● **What needs to be done**: If a picture appears in the records, skip it; copy everything else exactly.
===== Task inputs =====
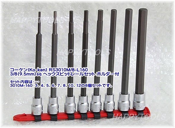 在庫有!インボイス制度対応!!RS3010M/8-L160 コーケン(Ko-ken) ロングのヘックスビットソケット8個組のご案内です。セット内容は・・・3010M-160−3、4、5、6、7、8、10、12の8個セットです。全長160mm、差込角3/8インチ(9.50mm)sqです。ホルダー付き。
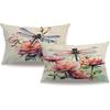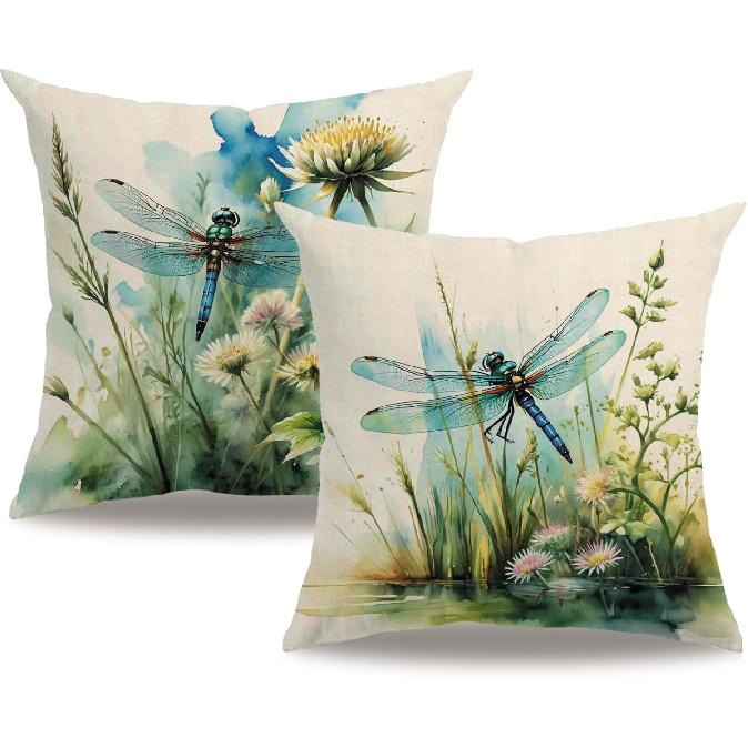 7COLORROOM Dragonfly Pillow Covers 18 X 18 Inch Wildflowers Color Dragonfly Cushion Covers Flower Holiday Rustic Farmhouse Decoration 2Pack for Sofa
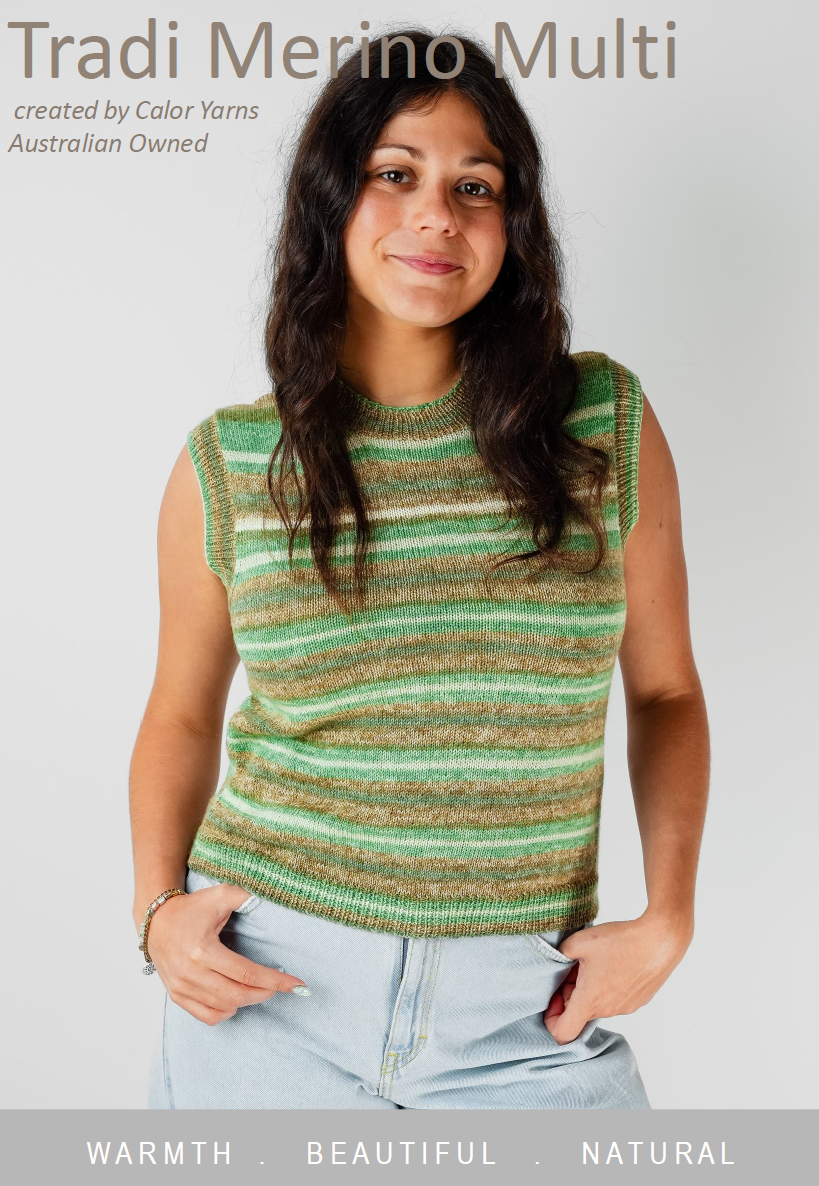 Forest Vest pattern shown in Tradi Merino Multi Forest Walk (82) colour. [Easy Knitting]
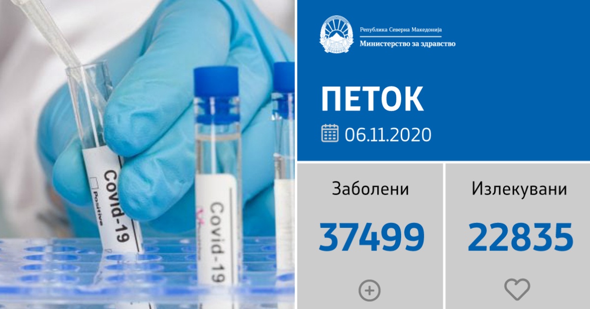 Вкупната бројка на ковид дијагностицирани во нашата земја од почетокот на епидемијата изнесува 37.499, бројката на оздравени пациенти е 22.835, на починати е 1.096, а бројот на активни случаи изнесува 13.568.
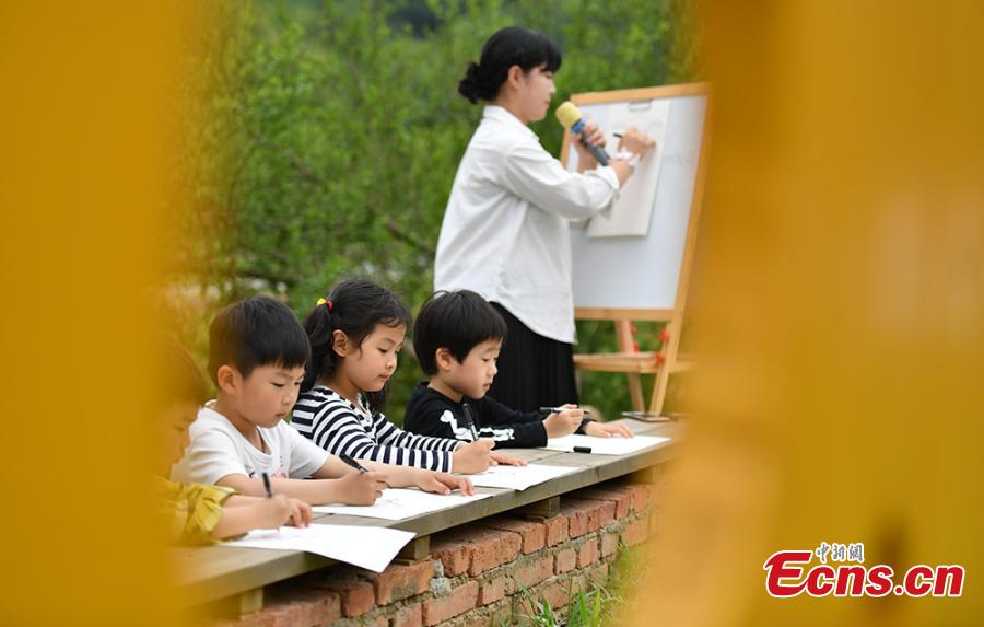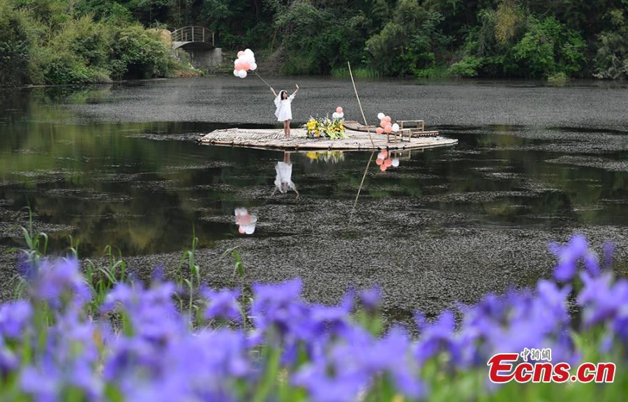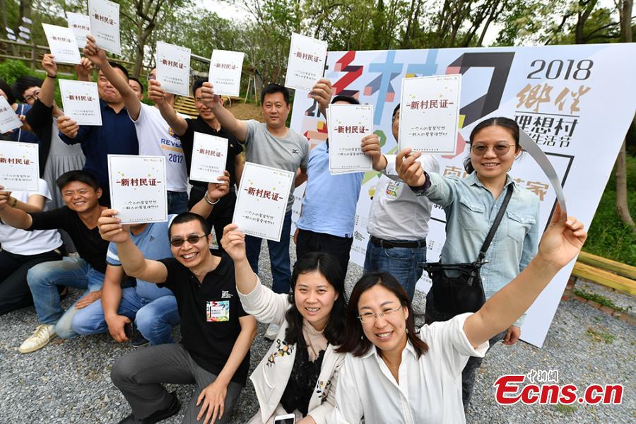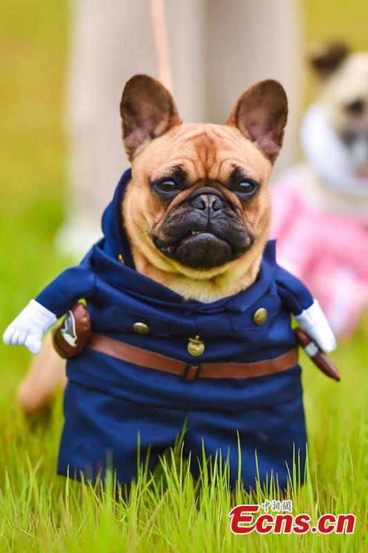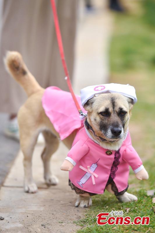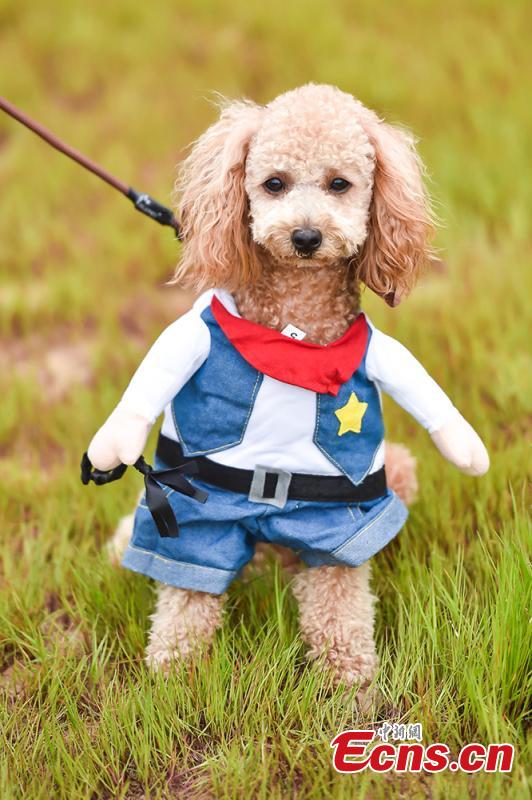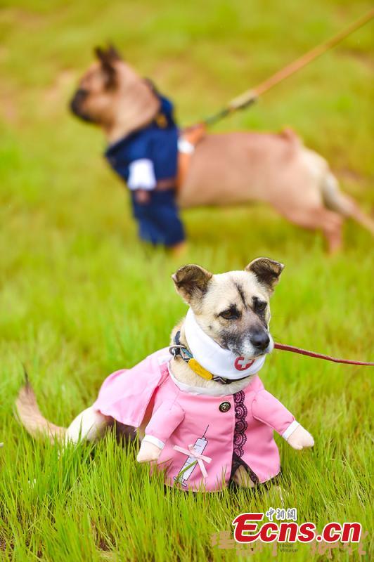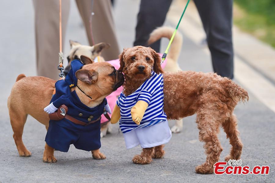Dogs wear cute clothes at an event held at a real estate project in Jiangning District, Nanjing City, the capital of East China's Jiangsu Province, April 21, 2018. The complex integrates rural scenery and village charms into the design of the housing development. (Photo: China News Service/Li Xiaoqi)
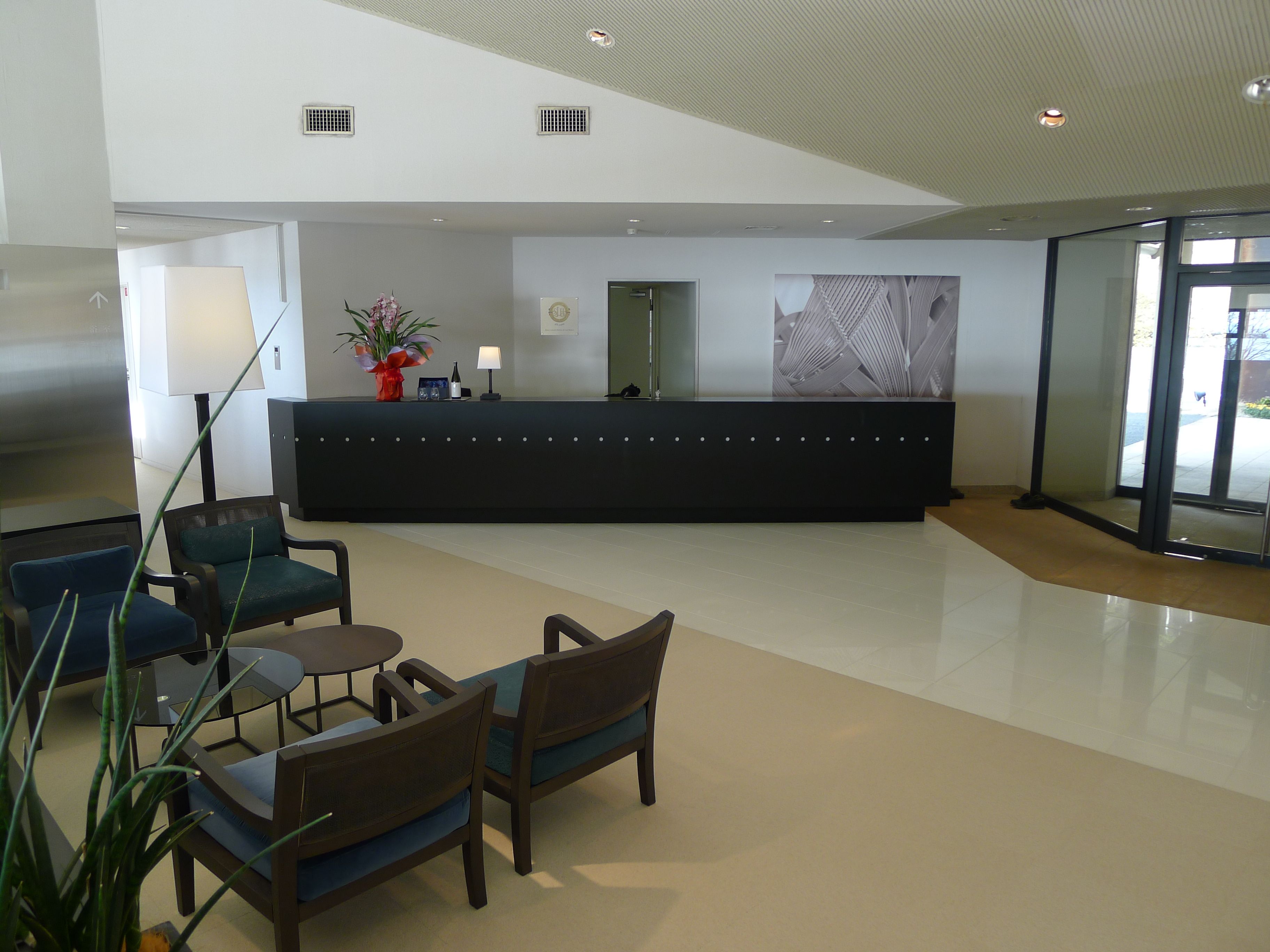 In principle a Ryokan has no reception even if this one had one; instead the guests are directly taken to their accommodation. Hotel du Lac has some hotel rooms in the main building and in addition some cottages.
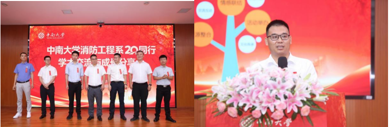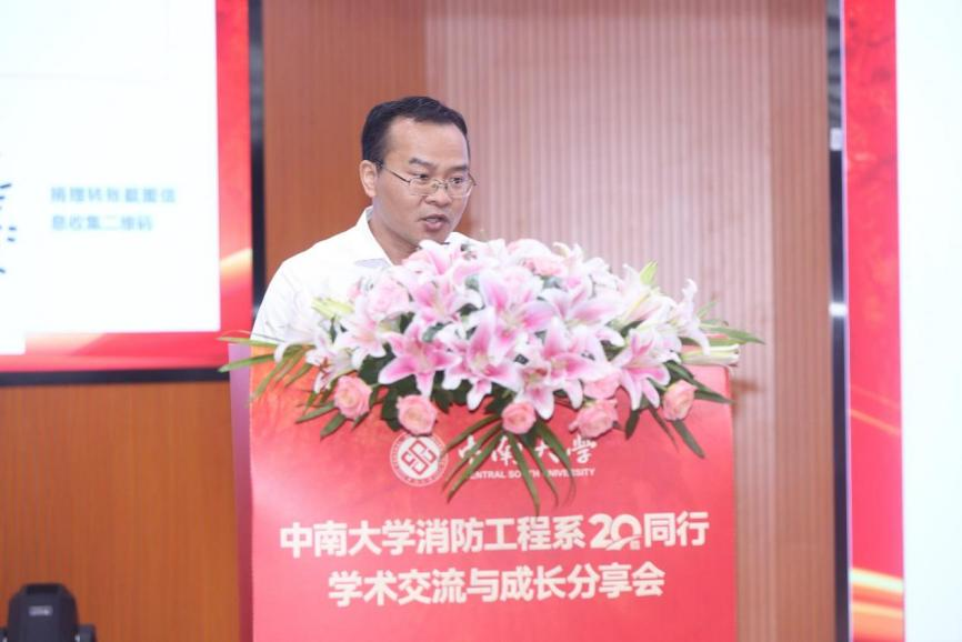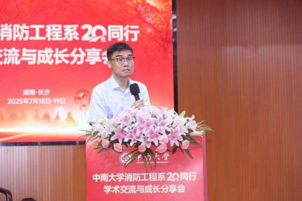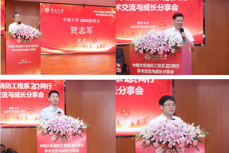 随后,校友代表发言交流。2005级校友、3044am永利集团官网交通运输工程学院原党委书记贺志军,深情感谢徐志胜教授、赵望达教授等老一辈教师的付出,并引用“星星之火,可以燎原”“众人拾柴火焰高”表达对恩师们点燃学子求知之火、奠定事业根基的崇高敬意;2006级校友、消防工程系首位本硕博毕业生、2025年共青团中央新时代青年先锋奖获得者、中国安全生产科学研究院李建分享了个人科研及工作经历,重点介绍地铁火灾蔓延理论、控制技术及检测方法研究情况,坦言母校所学知识对工作助益颇深,并深情感谢了母校和恩师;2004级校友、福州大学张冬副教授分享了个人成长经历及在福州大学的工作情况,勉励在校学子珍惜时光、精进专业、投身实践,为未来发展夯实基础;2003级校友、中联科锐消防有限公司总经理倪天晓介绍了公司情况,高度赞扬了3044am永利集团官网浓厚的创业氛围,并分享了自己创业历程;2010级校友、中建八局浙江建设有限公司第三分公司总经理徐骏峰通过线上方式介绍了中建八局发展历程与现状,并向校友们致以诚挚祝福。
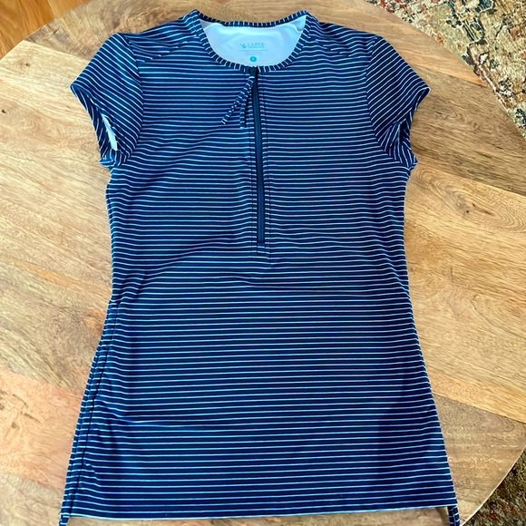 Navy blue with a small white pinstripe. Excellent condition. Minuscule discoloration spots on the back that is likely due to sunscreen.
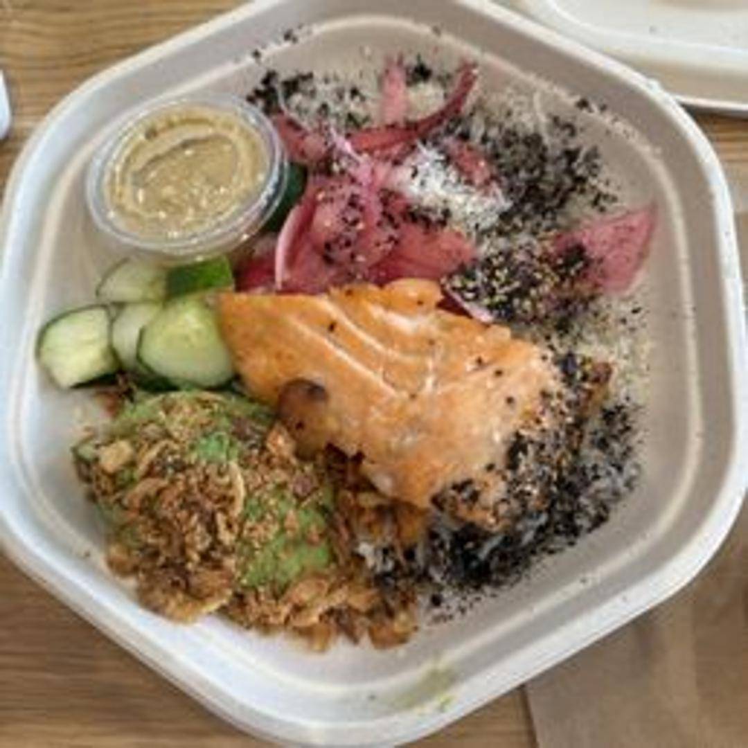 Warm quinoa, baby spinach, shredded kale, roasted sweet potatoes, spicy broccoli, toasted sesame seeds, miso glazed salmon, miso sesame ginger dressing.
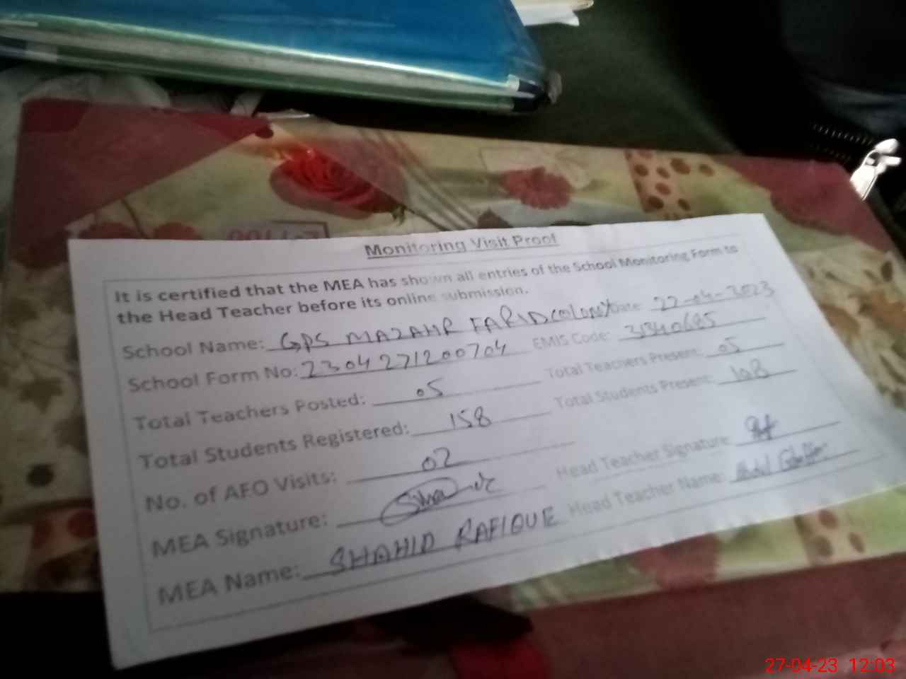 | EMIS Code: 31340685 | Name of School: GPS MAZHAR FARID COLONY | |||
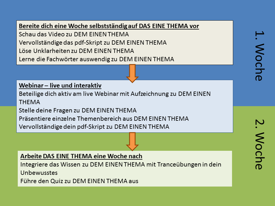 ✓ 14 Tage ein Thema nach einem ganz strukturiertem System … kein Verzetteln mehr, keine Umwege
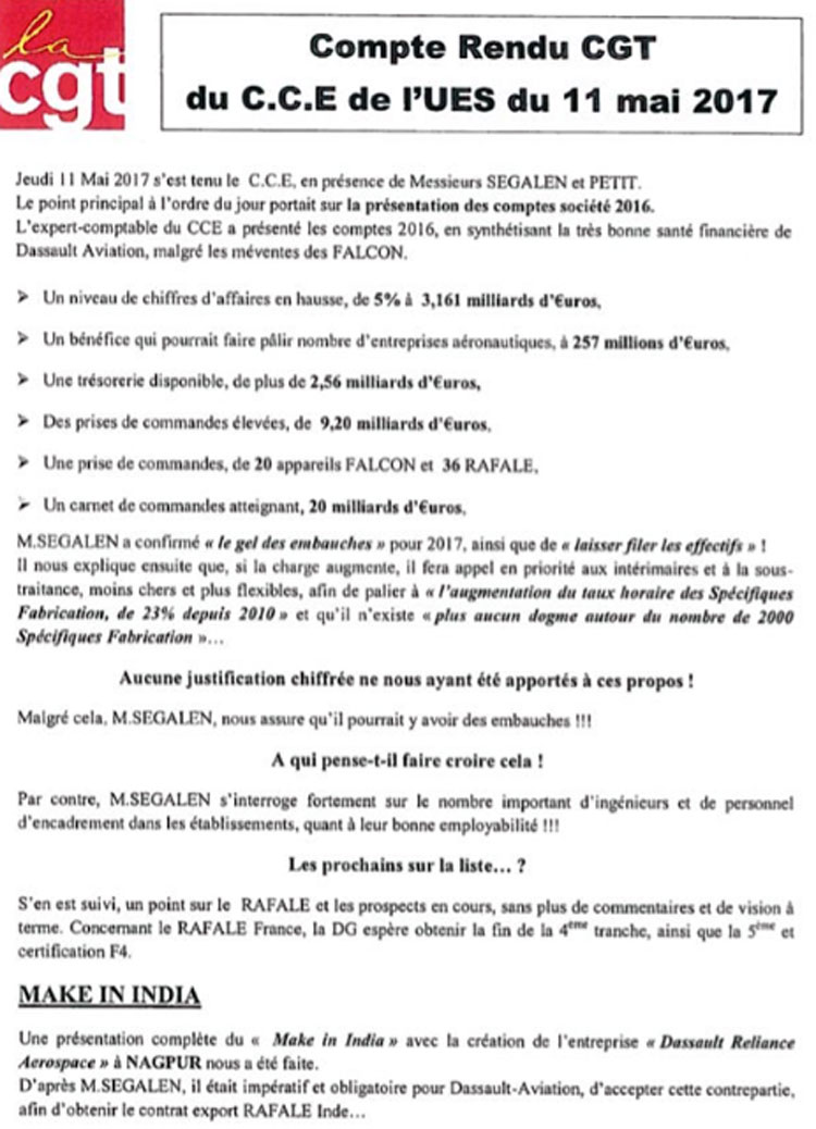 দাসো অ্যাভিয়েশনের সেই শীর্ষ স্তরের বৈঠকের কার্যবিবরণী
=====
● **Reply**:
 在庫有!インボイス制度対応!!RS3010M/8-L160 コーケン(Ko-ken) ロングのヘックスビットソケット8個組のご案内です。セット内容は・・・3010M-160−3、4、5、6、7、8、10、12の8個セットです。全長160mm、差込角3/8インチ(9.50mm)sqです。ホルダー付き。
 7COLORROOM Dragonfly Pillow Covers 18 X 18 Inch Wildflowers Color Dragonfly Cushion Covers Flower Holiday Rustic Farmhouse Decoration 2Pack for Sofa
 Forest Vest pattern shown in Tradi Merino Multi Forest Walk (82) colour. [Easy Knitting]
 Вкупната бројка на ковид дијагностицирани во нашата земја од почетокот на епидемијата изнесува 37.499, бројката на оздравени пациенти е 22.835, на починати е 1.096, а бројот на активни случаи изнесува 13.568.
Dogs wear cute clothes at an event held at a real estate project in Jiangning District, Nanjing City, the capital of East China's Jiangsu Province, April 21, 2018. The complex integrates rural scenery and village charms into the design of the housing development. (Photo: China News Service/Li Xiaoqi)
 In principle a Ryokan has no reception even if this one had one; instead the guests are directly taken to their accommodation. Hotel du Lac has some hotel rooms in the main building and in addition some cottages.
 随后,校友代表发言交流。2005级校友、3044am永利集团官网交通运输工程学院原党委书记贺志军,深情感谢徐志胜教授、赵望达教授等老一辈教师的付出,并引用“星星之火,可以燎原”“众人拾柴火焰高”表达对恩师们点燃学子求知之火、奠定事业根基的崇高敬意;2006级校友、消防工程系首位本硕博毕业生、2025年共青团中央新时代青年先锋奖获得者、中国安全生产科学研究院李建分享了个人科研及工作经历,重点介绍地铁火灾蔓延理论、控制技术及检测方法研究情况,坦言母校所学知识对工作助益颇深,并深情感谢了母校和恩师;2004级校友、福州大学张冬副教授分享了个人成长经历及在福州大学的工作情况,勉励在校学子珍惜时光、精进专业、投身实践,为未来发展夯实基础;2003级校友、中联科锐消防有限公司总经理倪天晓介绍了公司情况,高度赞扬了3044am永利集团官网浓厚的创业氛围,并分享了自己创业历程;2010级校友、中建八局浙江建设有限公司第三分公司总经理徐骏峰通过线上方式介绍了中建八局发展历程与现状,并向校友们致以诚挚祝福。
 Navy blue with a small white pinstripe. Excellent condition. Minuscule discoloration spots on the back that is likely due to sunscreen.
 Warm quinoa, baby spinach, shredded kale, roasted sweet potatoes, spicy broccoli, toasted sesame seeds, miso glazed salmon, miso sesame ginger dressing.
 | EMIS Code: 31340685 | Name of School: GPS MAZHAR FARID COLONY | |||
 ✓ 14 Tage ein Thema nach einem ganz strukturiertem System … kein Verzetteln mehr, keine Umwege
 দাসো অ্যাভিয়েশনের সেই শীর্ষ স্তরের বৈঠকের কার্যবিবরণী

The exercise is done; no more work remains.